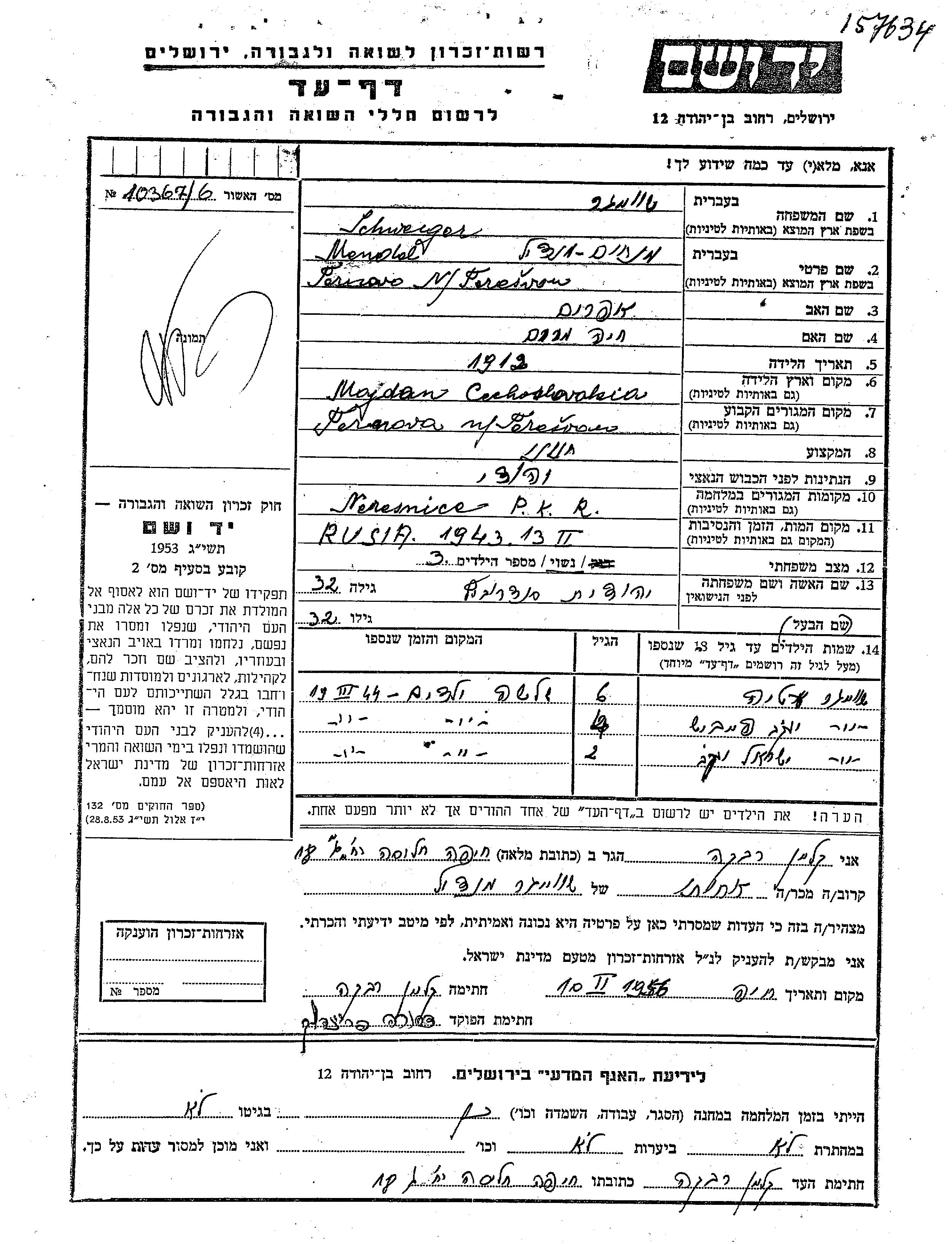Ester Schweiger wurde Sie war die Tochter von Mendel Menakhem Mendil und Yehudit, geb. Senderovitz. Sie war Kind. Vor dem Zweiten Weltkrieg lebte sie in Pernov, Estland. Während des Krieges war sie in Neresnice, Tschechoslowakei.
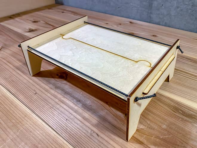 ちなみに素材のスペースが余ったからなのか、元から織り込み済みなのかは分からないが、ミニテーブルのおまけでスマホスタンドと鍋敷きもセットになっている。
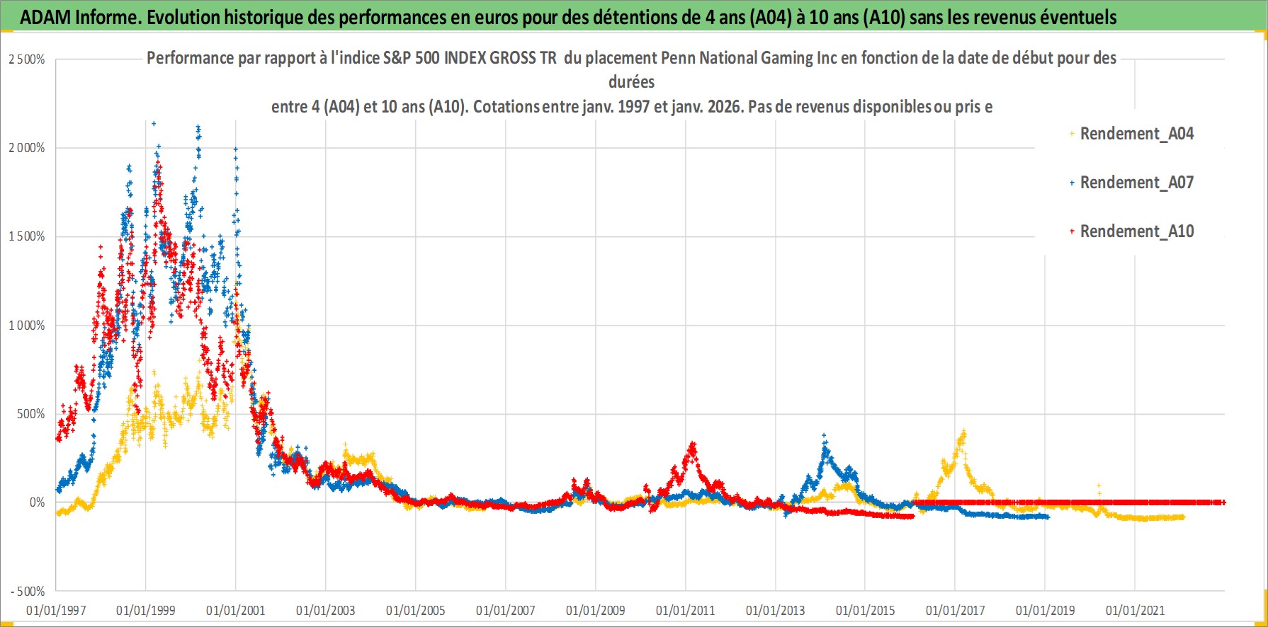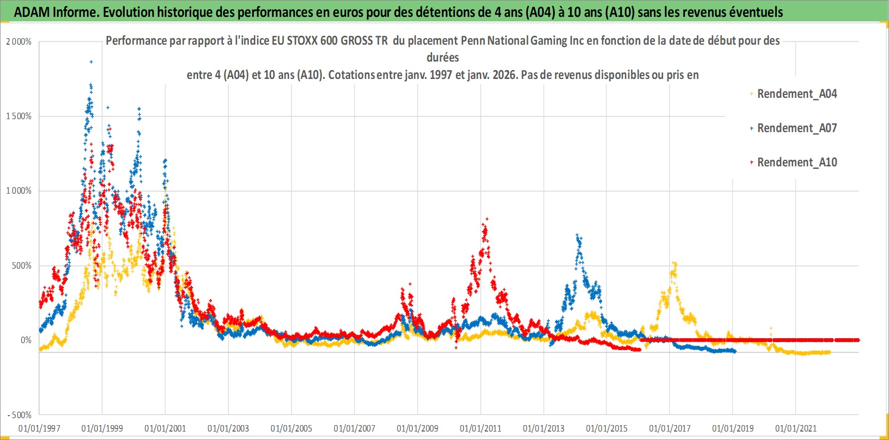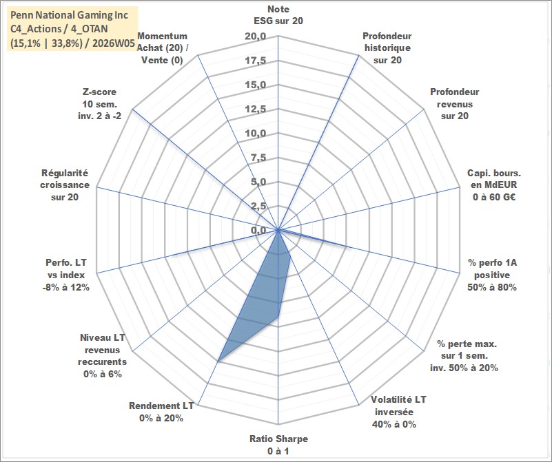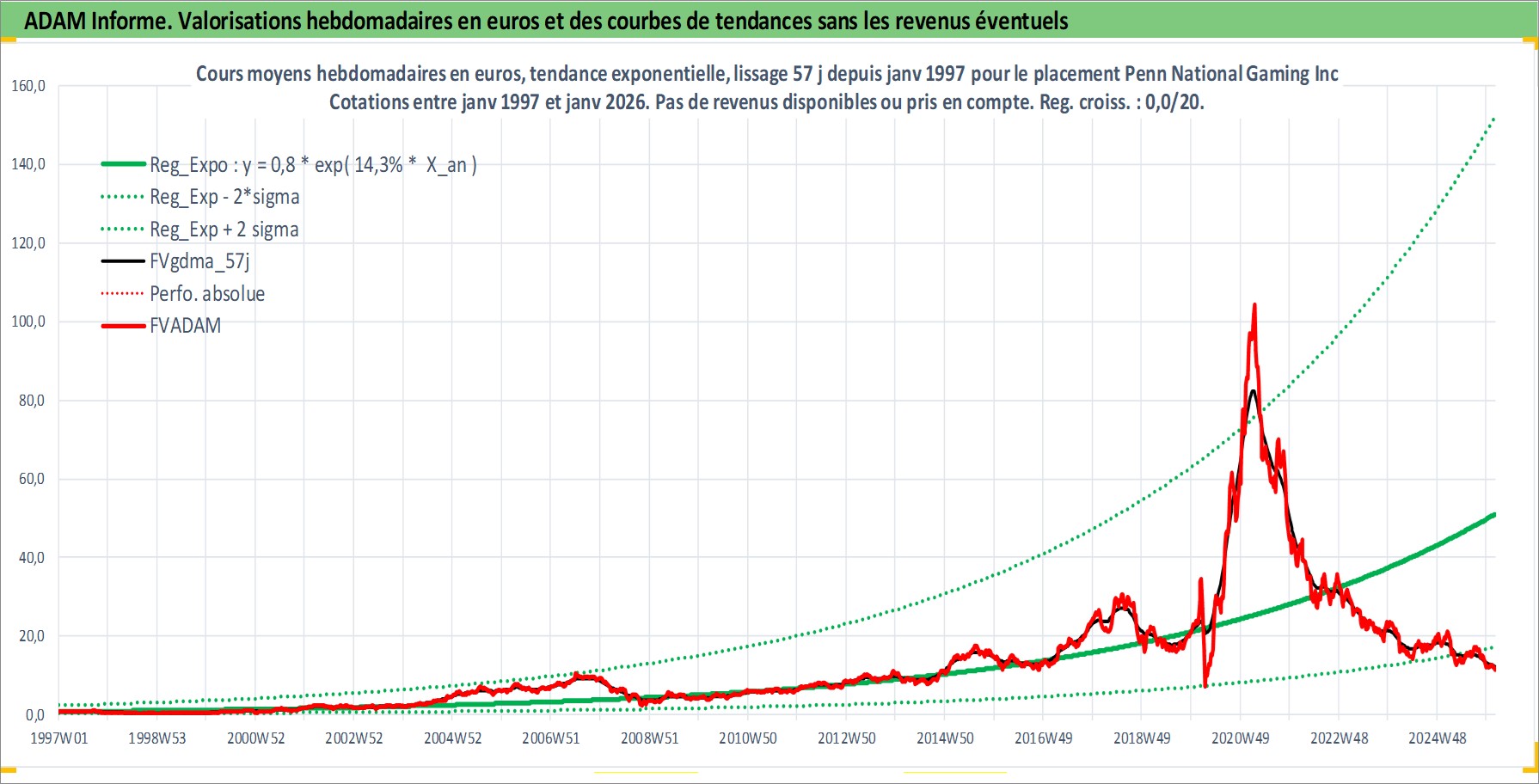 Site dédié aux investisseursPage dédiée sur site financeAnalyse des valorisations hebdomadaires de l'action Penn National Gaming Inc. Cet actif est cote en USD. Les valorisations sont en contrevaleur EURO et couvrent les semaines 1997W01 a 2026W05. Les revenus de cet actif financier ne sont pas connus car non existants ou non disponibles sur le site Yahoo Finance. La note ESG de cet actif n'est pas connue.
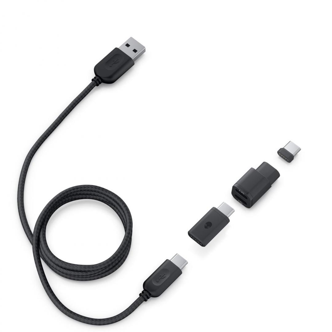 Dell Alienware Tri-Mode Wireless Gaming Mouse AW720M, Connection type: Tri-mode Wireless (2.4GHz, Bluetooth 5.1 and wired), Movement Resolution: 26000 dpi, , Magnetic Snap Charging Function, Adjustable Dots Per Inch (DPI), Wireless mode (2.4GHz), Buttons Qty: 8, Performance: 50 G maximum acceleration, 650 inches per second, Movement Detection Technology: Optical, Features: Auto-calibration, adjustable scrolling wheel, braided cable, ambidextrous design, 8 programmable buttons, magnetic snap, 5 on-the-fly DPI settings, detachable cable, 16.8 million AlienFX lighting, fast charging, 70 million clicks, , Battery: Technology: Lithium polymer, Run Time (Up To): 420 hour(s), DIMENSIONS & WEIGHT: Height: 3.78 cm, Width: 6.17 cm, Depth: 12.52 cm, Starting Weight: 89 grams, Available Colors: Dark Side of the Moon, Cable Length: 200 cm, What’s in the box: Mouse, USB charging cable, USB wireless dongle, USB-C magnetic dongle for charging, Dongle extender, Limited warranty - 2 years

[ASSIGNMENT]
Your answer must be the exact lines from the start of the data through the line with "Site dédié aux", inclusive, and nothing else; pictures do not belong in it.

[PROBLEM SOLUTION]
Ester Schweiger wurde Sie war die Tochter von Mendel Menakhem Mendil und Yehudit, geb. Senderovitz. Sie war Kind. Vor dem Zweiten Weltkrieg lebte sie in Pernov, Estland. Während des Krieges war sie in Neresnice, Tschechoslowakei.
 ちなみに素材のスペースが余ったからなのか、元から織り込み済みなのかは分からないが、ミニテーブルのおまけでスマホスタンドと鍋敷きもセットになっている。
 Site dédié aux investisseursPage dédiée sur site financeAnalyse des valorisations hebdomadaires de l'action Penn National Gaming Inc. Cet actif est cote en USD. Les valorisations sont en contrevaleur EURO et couvrent les semaines 1997W01 a 2026W05. Les revenus de cet actif financier ne sont pas connus car non existants ou non disponibles sur le site Yahoo Finance. La note ESG de cet actif n'est pas connue.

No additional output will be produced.